Why put the hab door there? I know I'd fall down the footwell within the first day and it totally wastes what could otherwise be the vans biggest asset of extra space.
I'd like to see how they arrange the seat belts on the free standing chairs and those belts would be needed when stationary because when you slide backwards you'd be down that footwell again.


----------



## Fatalhud (Mar 3, 2006)

Hi Bill

The Floor plan does state that the front table is a foldaway computer desk and that the other table has 2 free standing chairs and two folding chairs

http://aquariusmotorhomes.com.au/aquarius-motorhome-ultimate-touring-luxury/floorplan/

Although the layout would not suit me, its not a bad effort

Alan H


----------



## DABurleigh (May 9, 2005)

Spacerunner said:


> DABurleigh said:
> 
> 
> > Look, I wasn't advocating importing it  I was talking design concept & style.
> ...


You've lost me, I'm afraid :-(

Dave


----------



## HeatherChloe (Oct 18, 2009)

I love a luxurious van.

Of course, hard-wearingness is much more important than superficial appearance.

That said, we all can and DO adjust our vans.

I have had a full length mirror put on the door to my shower / toilet, and it looks amazing - it has totally made that area seem wider and more airy, and means when I lie in the bed I can look out the window by reflection too. 

I think we generally make adjustments to our vans so that they become more and more luxurious to suit our needs.

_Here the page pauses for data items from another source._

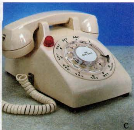
The AT&T Rotary Desk Phone with Message Waiting Lamp: getting the message through.
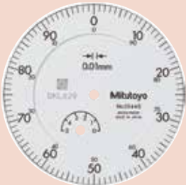
2044S 2044S-60 2044S-09
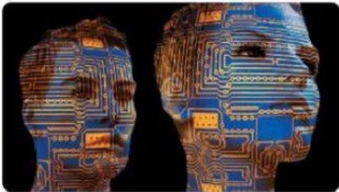
c. Human enhancement/augmentation
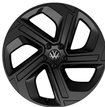
OPTIONAL ON ID.3 GTX PERFORMANCE PLUS 20" 'Skagen' alloy wheels in black 8J x 20 Tyres: 215/45 R20 8J x 20 Tyres: 235/40 R20 1
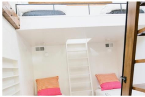
The Loft Lounge (double or triple)
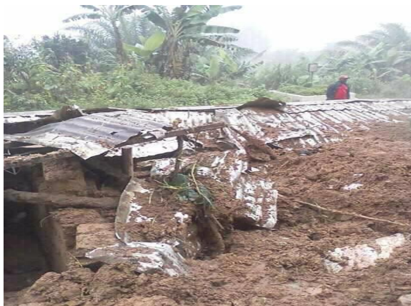
House destroyed by flash floods and mudslides in Santchou

Bélong: A town made up of three (3) villages of 2,700 people, was the most affected by these floods. Indeed, more than 70% of the population is affected with 50 families that have seen their homes completely destroyed, more than 20 houses partially destroyed as well as 500 plantations and schools destroyed.
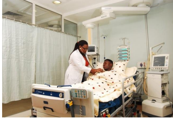
ICU at Lagoon Hospital, Apapa, Lagos
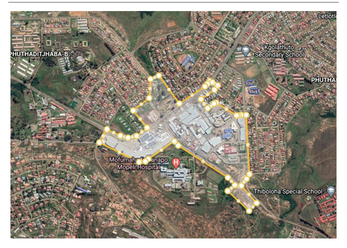
Fig. 3.2 Setsing Locality outlined in yellow.

between the environmental or ecological perspective and a more market-driven view. Jabareen (2008:181) termed this tension an ethical paradox between a sustainable state that can be maintained perpetually and development that implies environmental intervention.
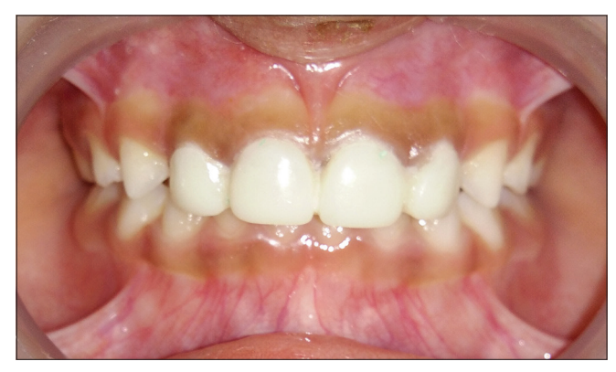
Figure 10: Acrylic crown cemented on 51, 52, 61, 62 close up frontal view.

restoration of carious, fractured, or discolored primary incisors is rewarding to dentists because it gives them the satisfaction of knowing they have restored the smile and self-confidence of a growing child. However, restoring primary teeth can be a strenuous task because of the difficulty in keeping these patients teeth dry and the uncooperative behavior of the child.
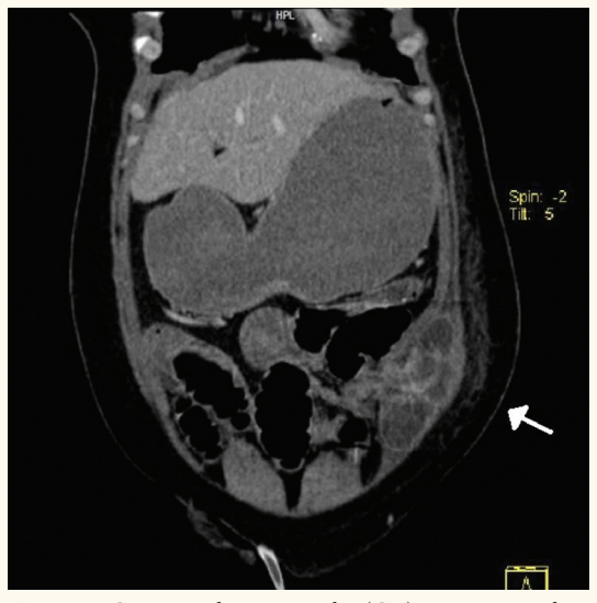
Figure 2: Computed tomography (CT) scan, coronal view, shows the entrapped small bowel loops in the muscular layer of the abdominal wall (arrow).

A 42 year-old lady, who had had a previous laparoscopic cholecystectomy in Chennai, travelled abroad for treatment of her chronic abdominal pain, secondary infertility and second degree vaginal prolapse. She was 158 cm in height and weighed 85 kg. She underwent a hysteroscopy with Fothergill's operation and laparoscopic myomectomy. Under general anaesthesia the patient was put in the lithotomy position. The hysteroscopy showed a subseptate uterus so septal resection was done. The anterior vaginal wall and posterior vaginal wall reflected off the cervix. The cervix was amputated 5 cm away from the internal os and homeostasis was secured. A Fothergill's suture was applied to cervix and a neocervix created. Complete homeostasis was then secured and there was no undue bleeding. A 12 mm trocar for the laparoscope was placed in the supraumbilicus area. The pneumoperitoneum was then established with carbon dioxide and the intraperitoneal pressure was maintained at 10 mm
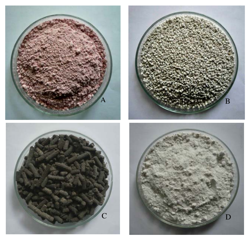
Fig. 2 Some formulation types of mycofungicides. A Ketocin<sup>®</sup> in powder formulation, B Ketomium<sup>®</sup>in pellet formulation, C Fungi Killer<sup>®</sup> in pellet formulation and D Novacide<sup>®</sup> in powder formulation.

impressive growth of contaminants (Hynes and Boyetchko, 2005; Spadaro and Gullino, 2005). Presently, there are many mycofungicides worldwide in the market as show in Table 1 and Figs 2 and 3.
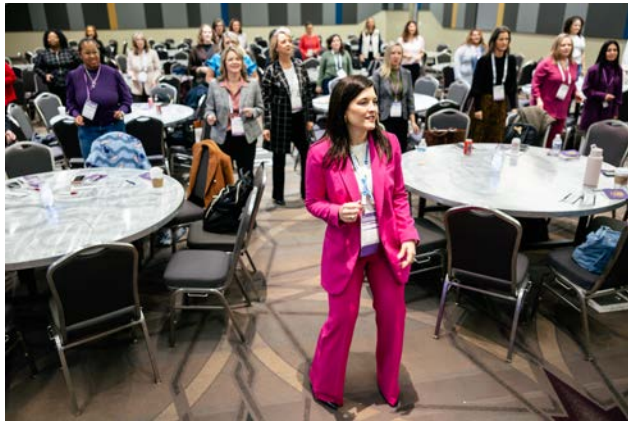
Special Award Recipients
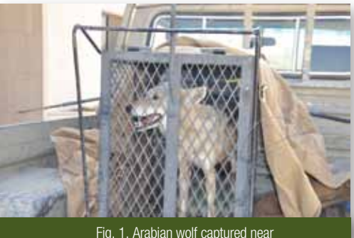
Fig. 1. Arabian wolf captured near Janadriyah north of Riyadh in central Saudi Arabia.

Introduction: The Arabian wolf ( Canis lupus pallipes ) on the Arabian Peninsula is in decline occupying approximately 75% of its former range, with an estimated total number of 500 and 600 animals on the peninsula (Mech & Boitani 2004). Detailed numbers for Saudi Arabia are not available. Wolves are not protected in Saudi Arabia and are subject to heavy prosecution (Cunningham et al. 2009). Their protection in the Kingdom is difficult since the species is considered the nemesis of Bedouins since time immemorial. Although not yet endangered the survival of wolves is a serious concern and its long-term survival may be only possible in large protected areas with good populations of wildlife (Gasparetti et al. 1985). More recently Cunningham & Wronski (2010a, b) reported that Arabian wolves still occur over vast parts of Saudi Arabia, probably in larger numbers than previously assumed.

The carpets are usually a waste of space though - I mean, not to be funny, but we ARE going to get into our vans with MUDDY feet, and even if we have the patience to take them off, even in the rain, before getting in, you can be sure our little doggie friends will not share our patience! 

So mats which look good but can be easily cleaned are key. 

I wouldn't necessarily balk at paying a fortune for a van, if I had given up work and if I were going to live in it, I would consider it, but having settled on a van no more than 6m long, and despite spending a lot of money on add ons, I can't quite imagine how I could spend say another £60-100k on it.


----------